Dentro de un tiempo quizás sea tarde.
Muchos
de ellos habrán escuchado a sus padres insultos, palabras de odio,
reproches hacia ciertas personas de nuestra sociedad estigmatizadas
por culpa de unos cuantos. Muy pocos se habrán sentado con sus hijos
y les habrán explicado que no es una cuestión de raza o religión.
Muy pocos les habrán hecho entender que poco tiene que ver con la
acogida o no de inmigrantes, con que la gente sea distinta a uno
mismo.

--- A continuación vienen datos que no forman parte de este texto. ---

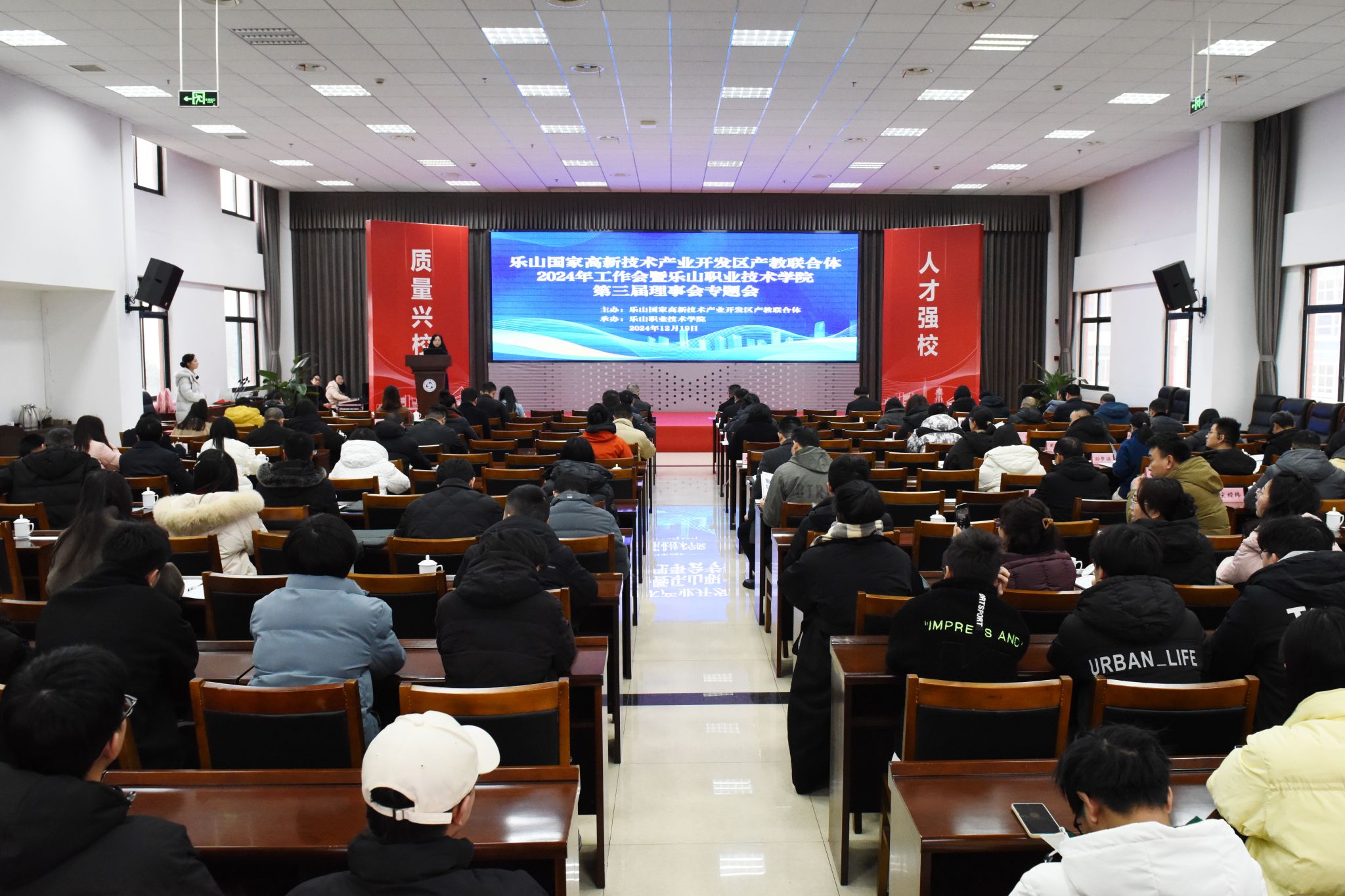 12月19日上午,乐山国家高新技术产业开发区产教联合体2024年工作会在beat365亚洲版官网学术交流中心召开。乐山市教育局党组成员、机关党委书记徐波,beat365亚洲版官网校长刘忠、副校长周芹,乐山高新技术产业开发区党工委委员、管委会副主任周睿出席,来自市级相关部门、行业企业、职业院校的50余名代表和学校师生代表参加会议。

Probablemente, cuando vuelva al cole en unos días, escucharé
en boca de unos chavales que apenas comienzan a entender el mundo,
barbaridades salidas de las bocas de sus padres, palabras e ideas
cargadas de odio, que separan, que etiquetan y machacan. Que
perpetúan una diferencia , que incendian y agrandan brechas.
Después, nos preguntaremos cómo pueden ocurrir las cosas.
Pues
sí, lo reconozco. Enciendo la televisión, se me escapan las
lágrimas y una sensación de preocupación me ahoga. Ojalá seamos
capaces de trascender, de ir más allá, de no quedarnos con el odio
que mancha de sangre, de mirar e invitar a mirar de otra manera. Si
no, estaremos cayendo en la misma trampa una y otra vez.